Теперь, когда наступила прекрасная эпоха поэтики Бродского (об иных нынешних “школах” я говорить не хочу, они существовали и в начале века, какие в цвету, а какие в зачатке), читателю, да и образованной, однако слишком петушливой критике трудно разобраться в нюансах традиционной, но все равно новой поэтики Тарковского. Для их слуха в произведениях этого “традиционалиста” как бы стерлось не только новое, только ему свойственное, но и — отголоски разных поэтов, отголоски смысловые, интонационные, стилистические и образные Баратынского, Тютчева, Анненского и Мандельштама. Такие читатели и критики часто по своему молодому революционному недомыслию идентифицируют русскую классику советского времени с соцреализмом.
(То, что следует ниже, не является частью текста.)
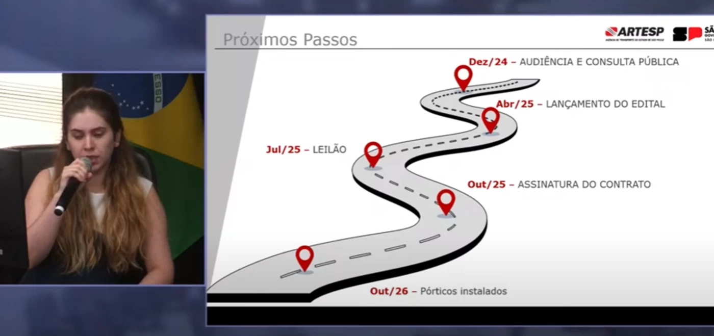 Foram apresentados cinco pedágios ou “pórticos” no trecho. O sistema será automatizado, com cobranças feitas por tag ou via meios digitais em até 15 dias. Os locais e tarifas estimadas são: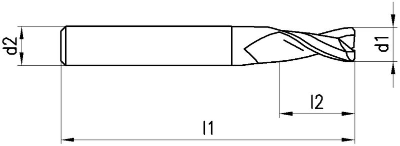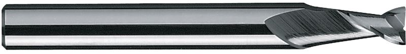 7582, mit stirnseitigem Kantenbruch 0.1-0.2 x 45°, SwissMade, VHM, Ø 1-5.5 mm, Drallwinkel 35°, Schneidentoleranz ≥Ø 3 e8, Zylindrisch (ohne Fläche, HA), Schafttoleranz h6, mittellang, Zentrumschnitt, mit Schutzfase, Anzahl Zähne 2, Werksnorm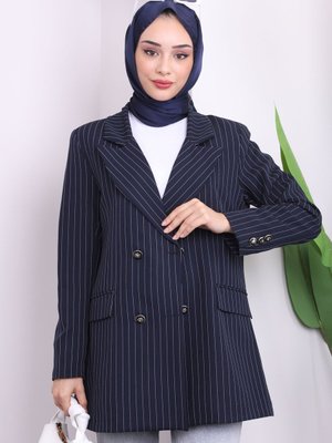 İmajbutik Lacivert Kruvaze Yaka Çizgili Ceket
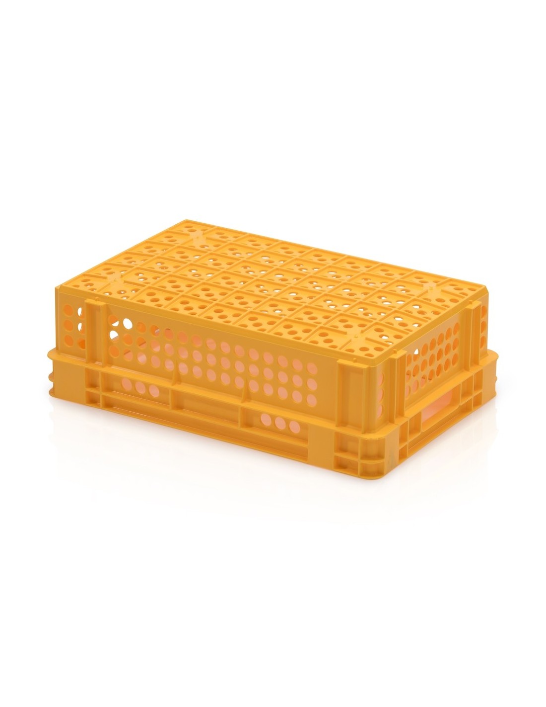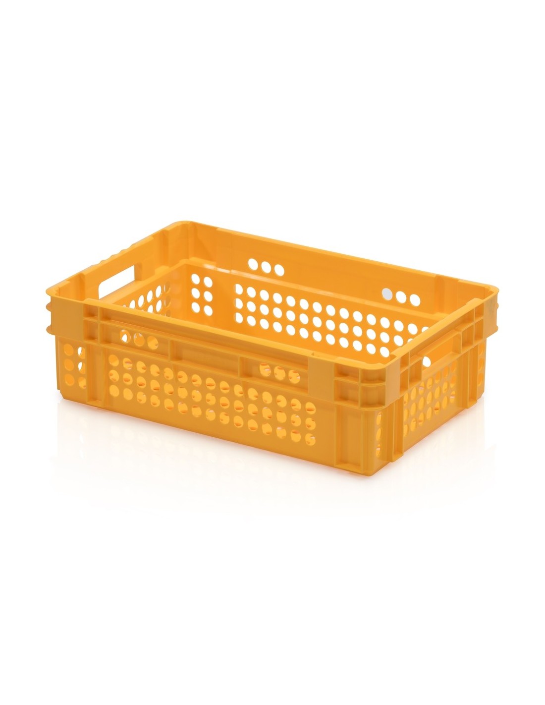 Die Bäckereikisten bestehen aus hochwertigem Polyethylen mit hoher Widerstandsfähigkeit gegen mechanische Beschädigungen und niedrige Temperaturen, was ihre Verwendung in Kühlräumen ermöglicht. Die glatten Innenflächen erleichtern die Reinigung und tragen zur Einhaltung von Hygienestandards bei.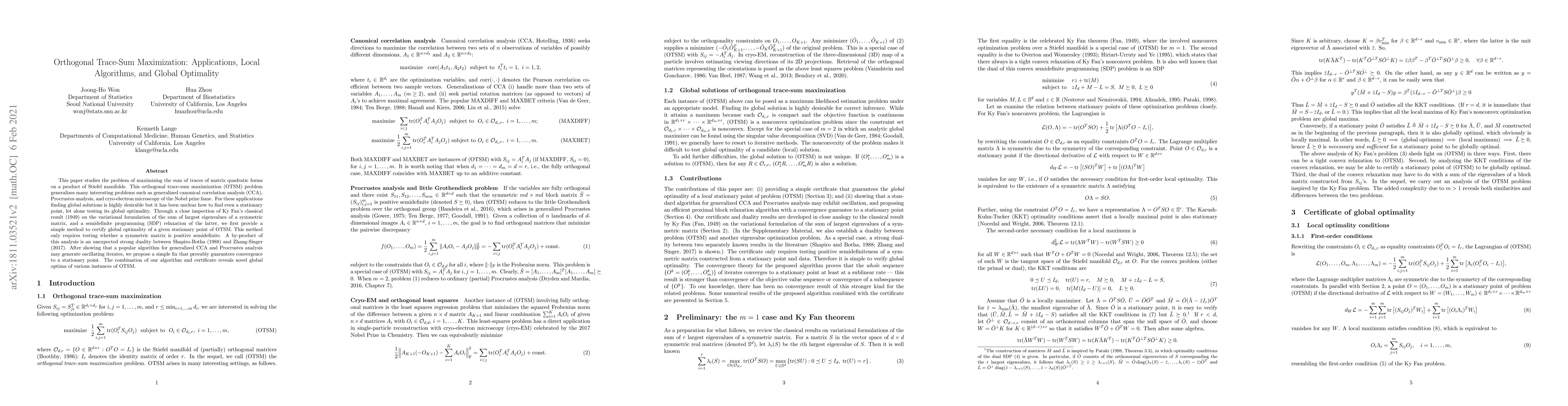 This paper studies the problem of maximizing the sum of traces of matrix quadratic forms on a product of Stiefel manifolds. This orthogonal trace-sum maximization (OTSM) problem generalizes many interesting problems such as generalized canonical correlation analysis (CCA), Procrustes analysis, and cryo-electron microscopy of the Nobel prize fame. For these applications finding global solutions is highly desirable but it has been unclear how to find even a stationary point, let alone testing its global optimality. Through a close inspection of Ky Fan's classical result (1949) on the variational formulation of the sum of largest eigenvalues of a symmetric matrix, and a semidefinite programming (SDP) relaxation of the latter, we first provide a simple method to certify global optimality of a given stationary point of OTSM. This method only requires testing whether a symmetric matrix is positive semidefinite. A by-product of this analysis is an unexpected strong duality between Shapiro-Botha (1988) and Zhang-Singer (2017). After showing that a popular algorithm for generalized CCA and Procrustes analysis may generate oscillating iterates, we propose a simple fix that provably guarantees convergence to a stationary point. The combination of our algorithm and certificate reveals novel global optima of various instances of OTSM.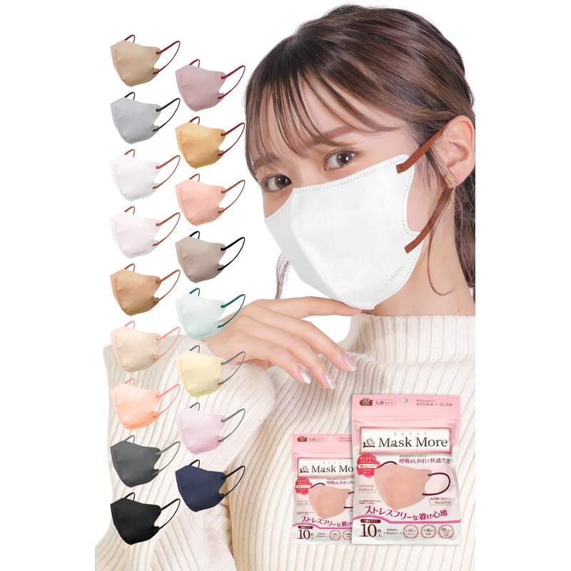 [MaskMore] マスクモア 3Dマスク 不織布 立体 不織布マスク 立体マスク 小顔マスク 丸顔タイプ バイカラー おしゃれ カラーマスク 20枚入...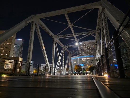 アングルを下げて撮影するとダイナミックさが増し、奥行き感のある印象的な夜景になります。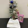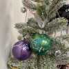Here's a very special gift for that Swiftie in your life - a Merry Swiftmas Christmas tree - loaded with 11 brilliant glittery globe ornaments! Handmade by Sierra, the large baubles represent colors on each of Taylor Swift's album covers. The trunk of the 32-inch snow-covered faux evergreen tree is wrapped in a burlap bag base.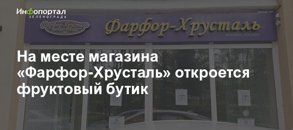 На месте магазина «Фарфор-Хрусталь» на площади Юности откроется фруктовый бутик. Один магазин этой сети уже работает в Андреевке и специализируется на экзотических фруктах. Подробности в публикации Инфопортала. подписаться / обсудить в чате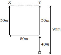 X and Y start from the same point. X walks 40 m north, then turns West and walks 80 m, then turns to his right and walks 50 m. At the same time, Y walks 90 m North. Where is Y now with respect to the position of X ?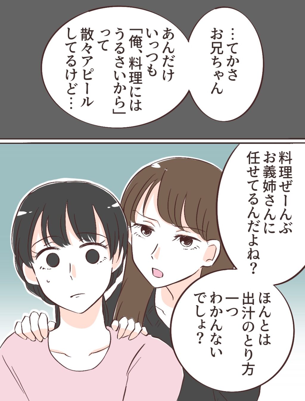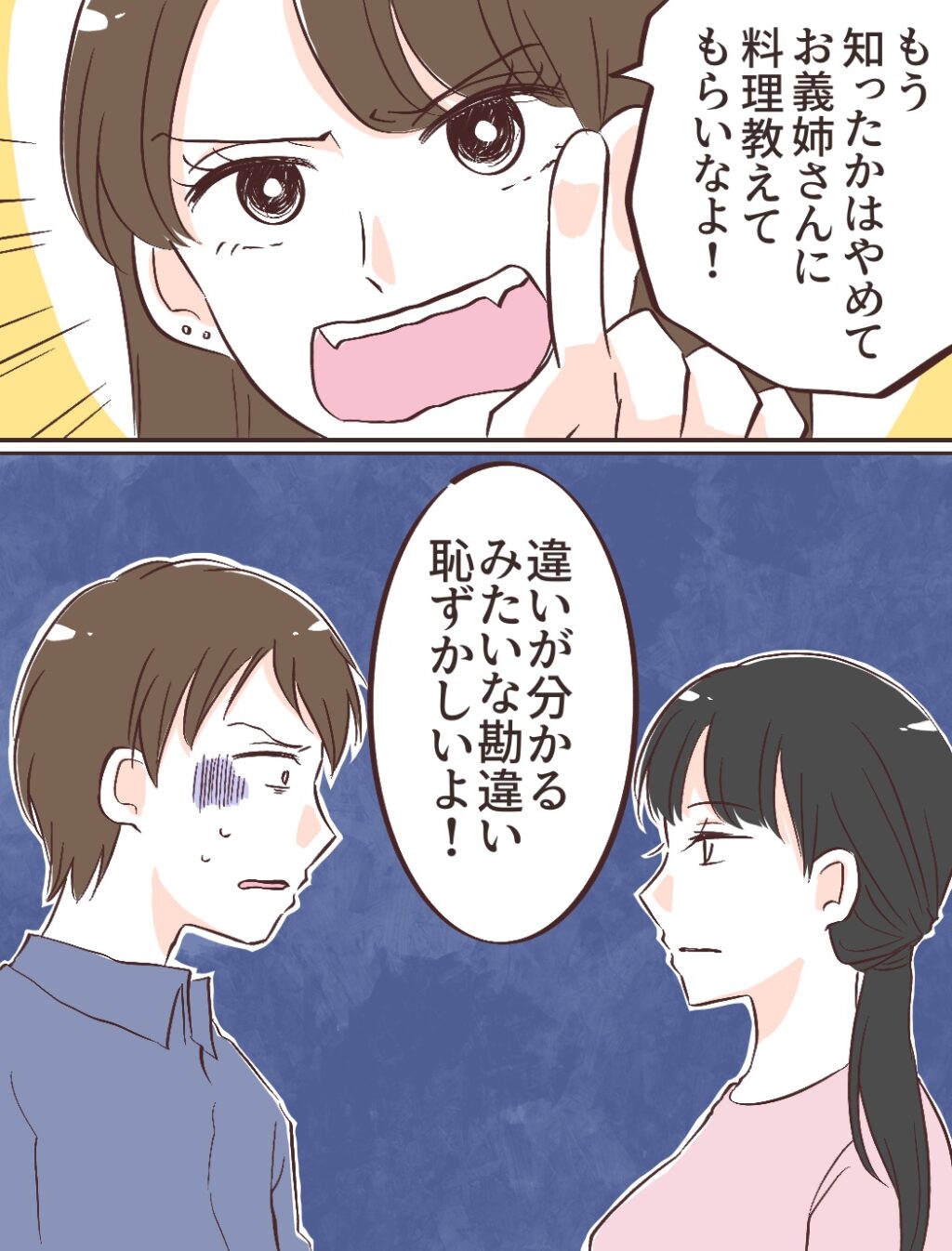 そして充を鋭い目つきでにらみつけると「もう知ったかはやめてお義姉さんに料理教えてもらいなよ!違いが分かるみたいな勘違い、恥ずかしいよ!」とキッパリ言い放ったのでした。

Томик Анненского из той же малой серии (“Советский писатель”, 1939), что и Баратынского, мы читали вслух и не только с Тарковским. Томик сохранился, по почеркам узнаю пометки и Липкина, и Петровых, и даже мои. Тарковский перемежал наше чтение Анненского разговорами о его судьбе. Он так жалел Анненского, словно тот еще на земле, а его все не публикуют и не публикуют. Много, сочувственно и восхищенно говорил Тарковский о судьбе поэзии Георгия Иванова. Мы почему-то хором читали “Эмалевый крестик в петлице”, жалея царя и его семейство, а заодно и Георгия Иванова.

Если же перейти к поэтам поколения Тарковского, — только Заболоцкий выделялся им особенно. Что же касается так называемых поколений военных поэтов и шестидесятников (условны не только названия школ, но и поколений), то тут Тарковский даже не острословил, а язвословил:

— Слуцкий? Согласен, он в некотором роде нов. Но когда впадаешь в безритменный бытовизм, следует двигаться, как канатоходец, балансируя. Но Слуцкий — краснолицый комиссар. Комиссары не понимают гармонии. Его разнесчастные рыжие лошади так и останутся на дне океана, не воскреснут. Нечего было выступать на собрании (имени Пастернака не произнес), потому что: “Блажен муж, который не ходит”.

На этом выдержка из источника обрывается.